Exercise aim:
Go through the listing below and write out exactly the lines from the one that mentions "シクラメン展では、会場を飾るシクラメンの鉢をお買い求めいただけます。" through the one that mentions "위에 버튼을 눌러 보건증", minus the pictures.

Records supplied:
○ ○ ○ ○ ○ ○ ○

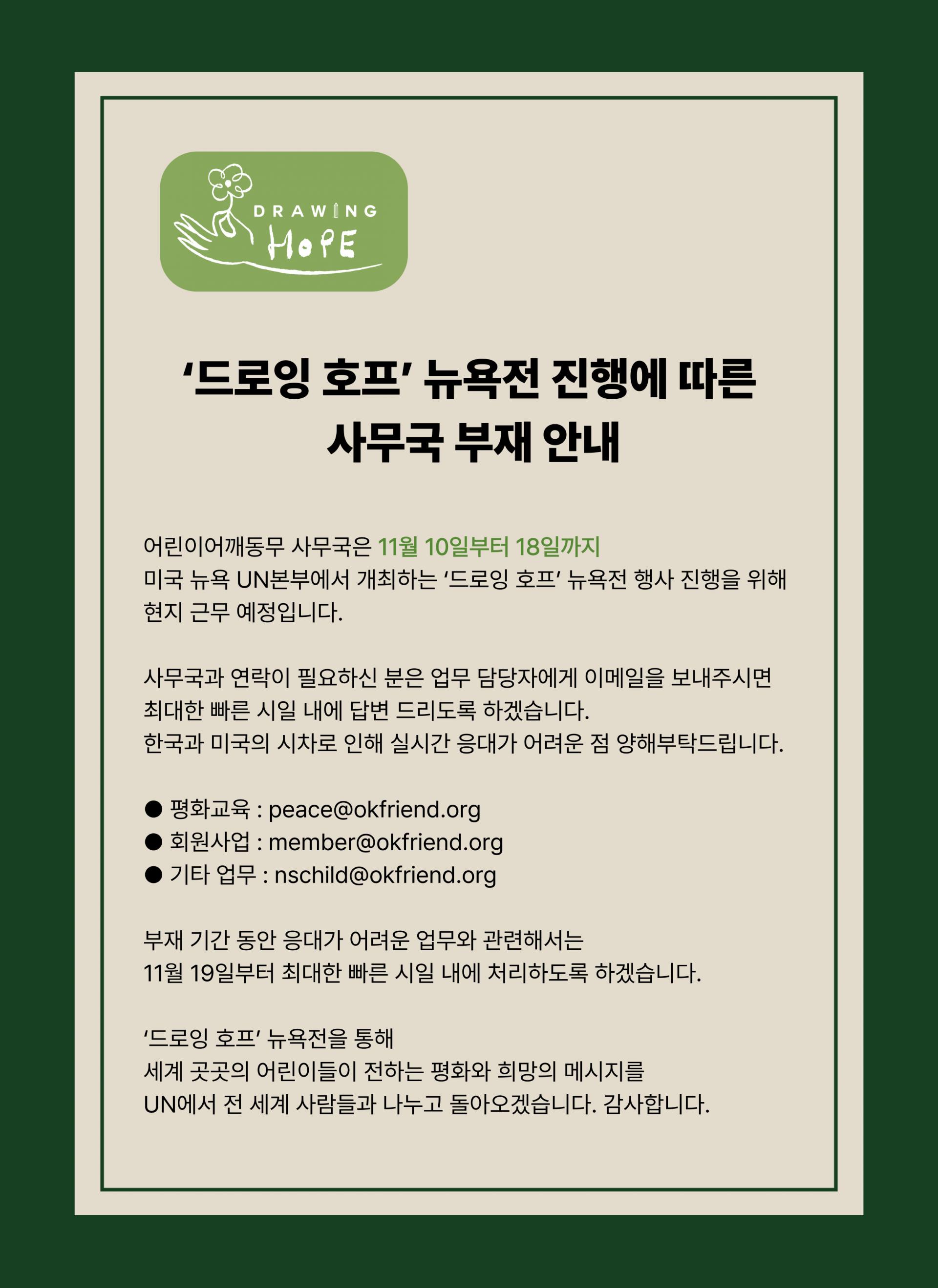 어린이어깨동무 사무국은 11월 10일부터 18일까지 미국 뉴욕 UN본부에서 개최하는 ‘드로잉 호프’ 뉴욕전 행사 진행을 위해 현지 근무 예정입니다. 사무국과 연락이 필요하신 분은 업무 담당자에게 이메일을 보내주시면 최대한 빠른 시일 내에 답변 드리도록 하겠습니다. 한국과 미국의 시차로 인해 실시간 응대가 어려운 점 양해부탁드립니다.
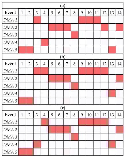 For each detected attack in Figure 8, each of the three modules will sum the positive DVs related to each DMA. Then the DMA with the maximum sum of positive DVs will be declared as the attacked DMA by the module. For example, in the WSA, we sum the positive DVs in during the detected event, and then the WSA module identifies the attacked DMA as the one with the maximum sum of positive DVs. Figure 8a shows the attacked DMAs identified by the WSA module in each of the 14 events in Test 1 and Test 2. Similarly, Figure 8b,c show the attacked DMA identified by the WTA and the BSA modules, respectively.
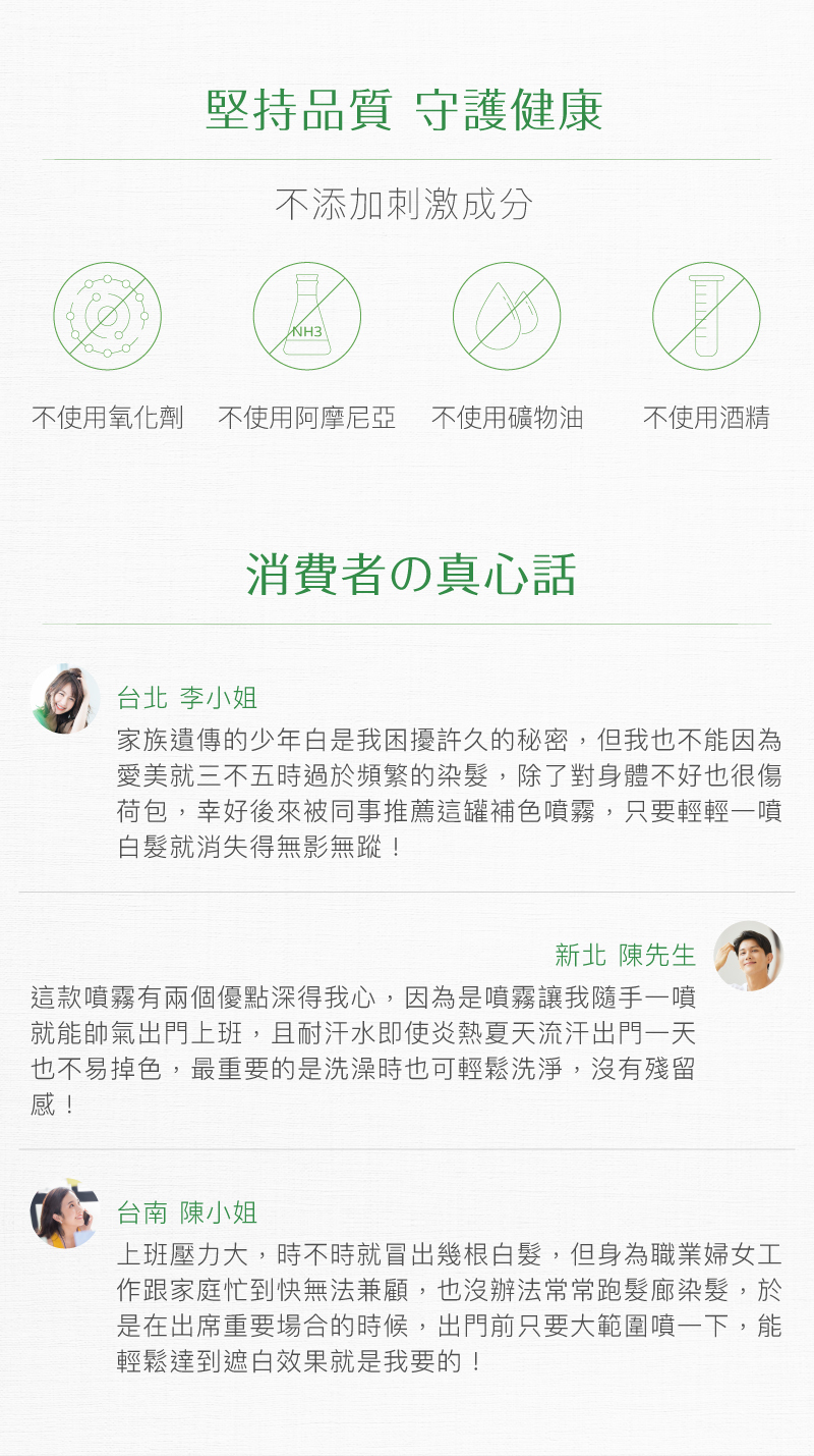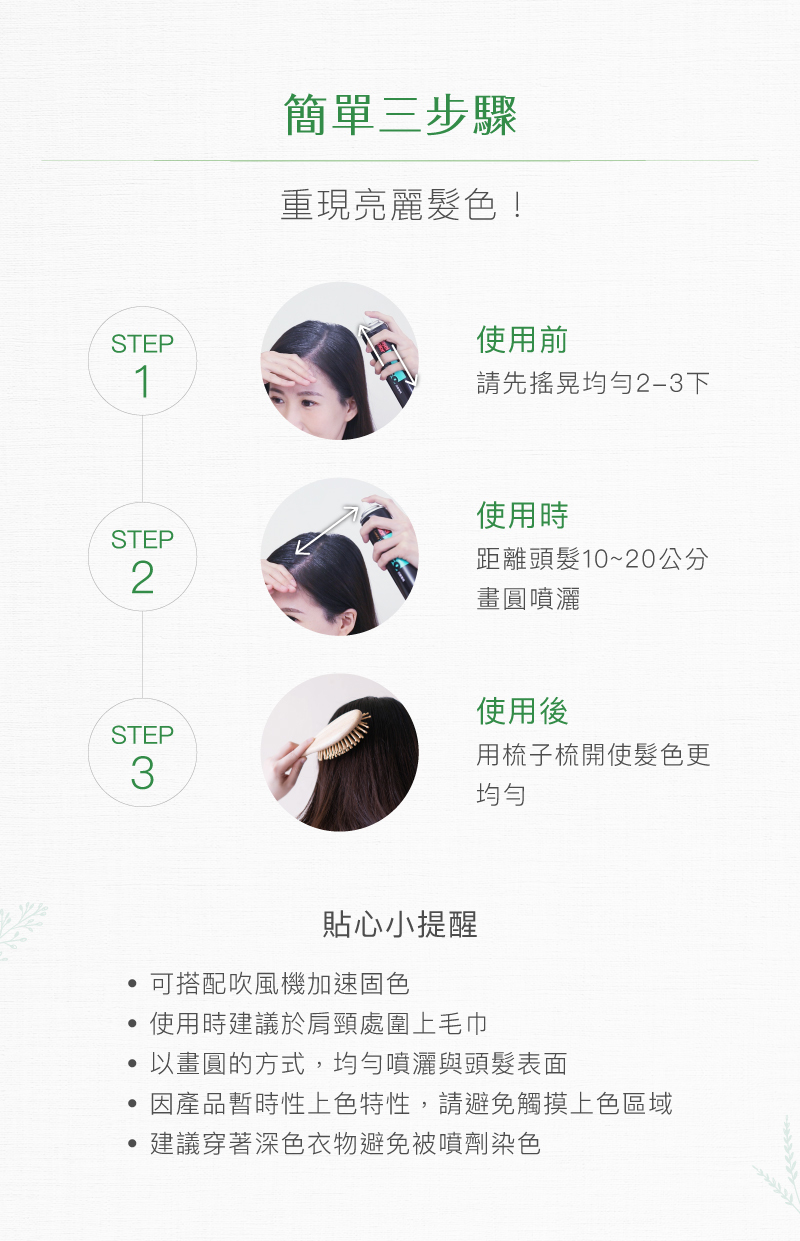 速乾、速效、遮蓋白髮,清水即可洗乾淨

○ ○ ○ ○ ○ ○ ○

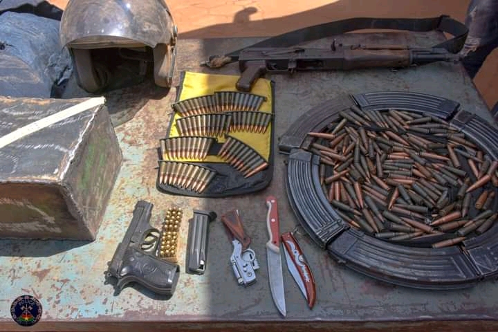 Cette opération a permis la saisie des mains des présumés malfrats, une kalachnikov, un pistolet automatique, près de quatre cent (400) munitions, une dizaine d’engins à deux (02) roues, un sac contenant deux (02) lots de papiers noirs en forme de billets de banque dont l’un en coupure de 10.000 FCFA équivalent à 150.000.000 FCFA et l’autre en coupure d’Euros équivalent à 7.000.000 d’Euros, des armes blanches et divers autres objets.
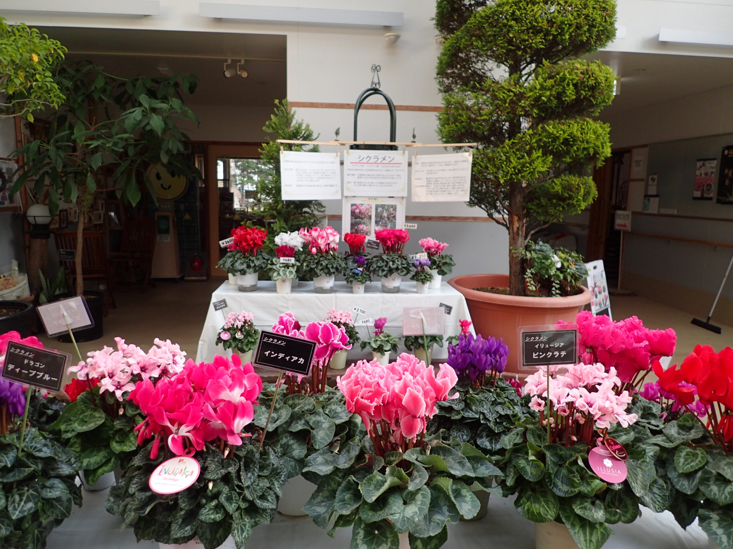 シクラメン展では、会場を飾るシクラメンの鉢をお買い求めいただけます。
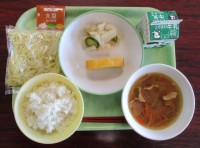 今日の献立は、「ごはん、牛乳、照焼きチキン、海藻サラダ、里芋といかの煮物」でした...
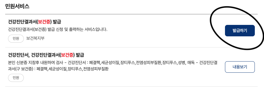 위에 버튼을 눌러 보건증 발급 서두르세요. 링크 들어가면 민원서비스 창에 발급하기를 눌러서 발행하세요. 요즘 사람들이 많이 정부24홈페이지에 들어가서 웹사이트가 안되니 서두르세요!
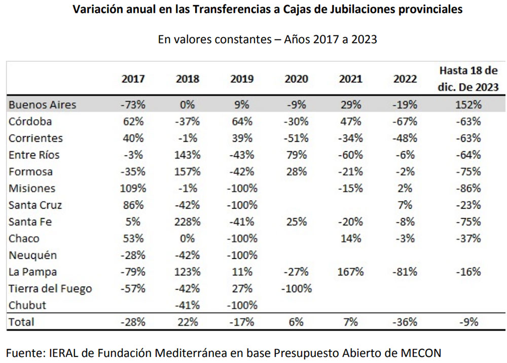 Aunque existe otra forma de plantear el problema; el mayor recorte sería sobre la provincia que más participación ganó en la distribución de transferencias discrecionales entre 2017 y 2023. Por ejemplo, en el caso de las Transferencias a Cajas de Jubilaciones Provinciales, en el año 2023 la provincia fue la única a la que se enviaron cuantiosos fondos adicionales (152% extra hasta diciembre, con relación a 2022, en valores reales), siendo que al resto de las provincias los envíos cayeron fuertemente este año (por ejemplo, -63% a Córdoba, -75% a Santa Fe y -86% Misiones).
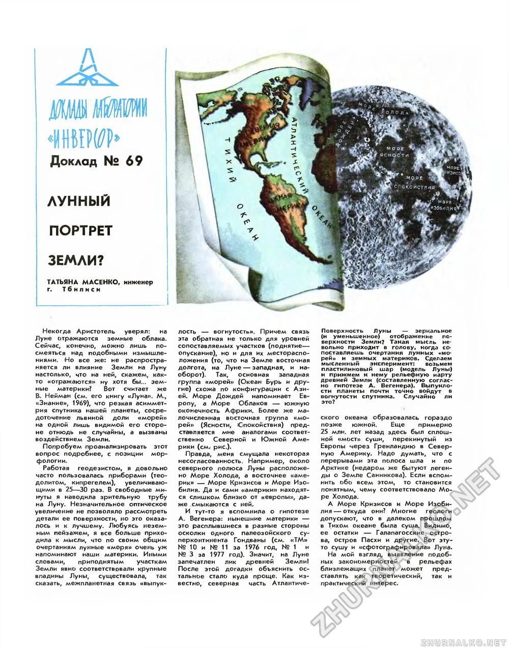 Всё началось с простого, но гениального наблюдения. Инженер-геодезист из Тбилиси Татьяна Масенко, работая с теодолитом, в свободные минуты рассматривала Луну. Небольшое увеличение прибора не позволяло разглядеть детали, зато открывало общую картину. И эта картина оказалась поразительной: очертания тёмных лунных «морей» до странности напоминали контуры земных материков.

○ ○ ○ ○ ○ ○ ○

Solved problem:
 シクラメン展では、会場を飾るシクラメンの鉢をお買い求めいただけます。
 今日の献立は、「ごはん、牛乳、照焼きチキン、海藻サラダ、里芋といかの煮物」でした...
 위에 버튼을 눌러 보건증 발급 서두르세요. 링크 들어가면 민원서비스 창에 발급하기를 눌러서 발행하세요. 요즘 사람들이 많이 정부24홈페이지에 들어가서 웹사이트가 안되니 서두르세요!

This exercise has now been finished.